Lindbergh Boulevard, as we know it today, was stitched together from many roads that already existed through St. Louis County.

Most of this new boulevard was made up of Denny Road, so the plan to replace the early settler's name with that of the famous aviator, Charles Lindbergh, met resistance since Lindbergh wasn't an area native.

Property owners were also reluctant to give up the additional land needed for the road's larger size.

Albert Wehmeyer, a county judge, spoke at the road's dedication and is quoted in a 1930 University City Advocate article. He remembers the argument of a land owner's attorney against the road's construction.

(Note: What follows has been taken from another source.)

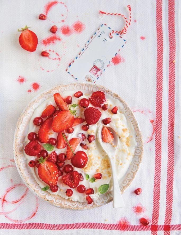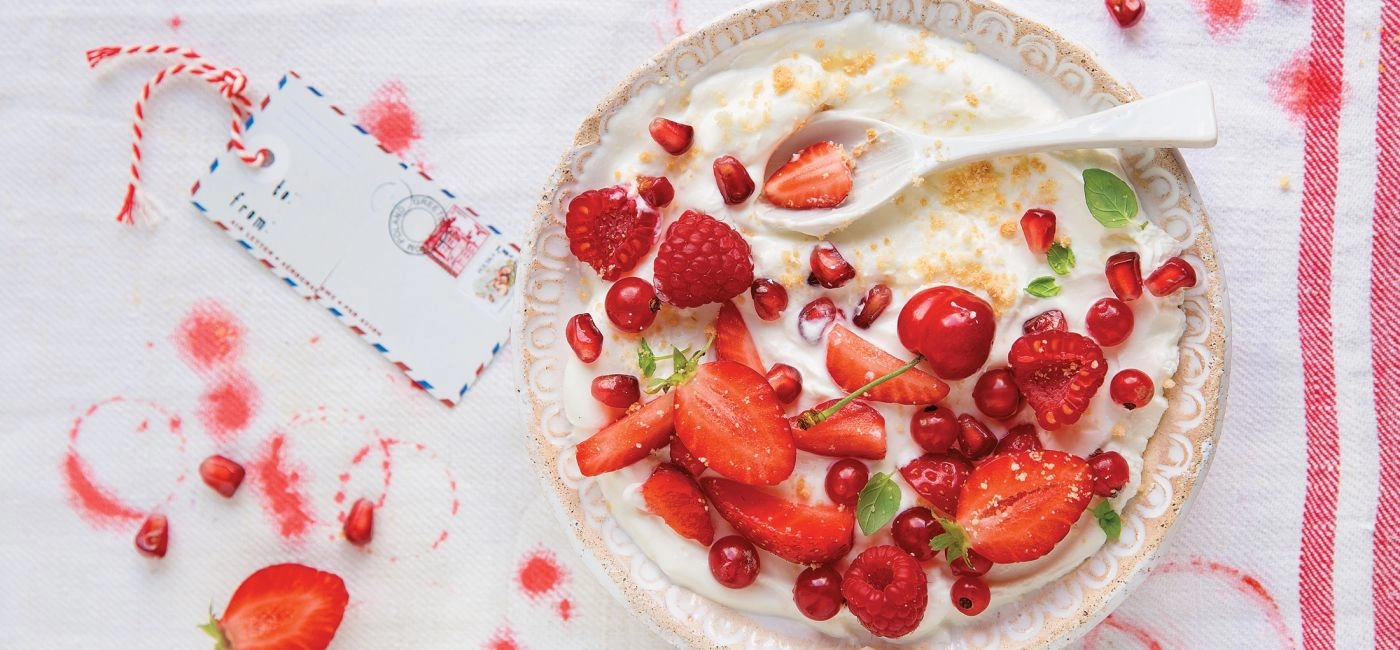 3. Słodki labneh z czerwonymi owocami: truskawkami, malinami, czereśniami albo porzeczkami

The attorney, the judge remembered, told a jury the county was building a "tin can" boulevard that gangsters would use to toss away the bodies of their victims.

Land owners gave up the land for the project eventually and the protests over the name didn't keep the road from being dedicated in December 1930.

The day began with a parade from each end of the road and there were several speakers, although Lindbergh himself wasn't able to make it.

Another man, E. E. Cramer, pointed out in his address that people in the 1920s wanted to travel through the heart of a city, but with more traffic, roads like Lindbergh were needed.

"The modern traveler seeks a route that carries him around the large cities," Cramer, secretary of the state's highway commission said. "Speed is the desire of the moment."

'Racetrack of Death'

That desire would turn Lindbergh deadly by 1960s. County coroner Raymond Harris and a group of traffic experts said if nothing was changed, a fifth of the county's accidents would happen on the road during the same decade.

"The people who reside in the subdivisions with arteries into Lindbergh are daily courting death in going to and from their homes," Harris said.

This group, in a report about Lindbergh's safety, seriously recommended the road's name be changed to "Racetrack of Death." And in 1966 civic leaders declared the road the region's No. 1 problem. 

In one 18-month period in the early 1960s, more than 800 people were injured on the road and 22 died, according to a St. Louis Globe-Democrat story.

Changes were made to the road. One section, known as Dead Man's Stretch, was gradually made safer and received double guard rails in 1966.

Other changes were made or proposed for the entire highway. These included dividers, increased traffic enforcement and widened lanes.

Ultimately, though, Interstate 270 was seen as the best way to make the road safer, by diverting Lindbergh's traffic to a new north-south artery.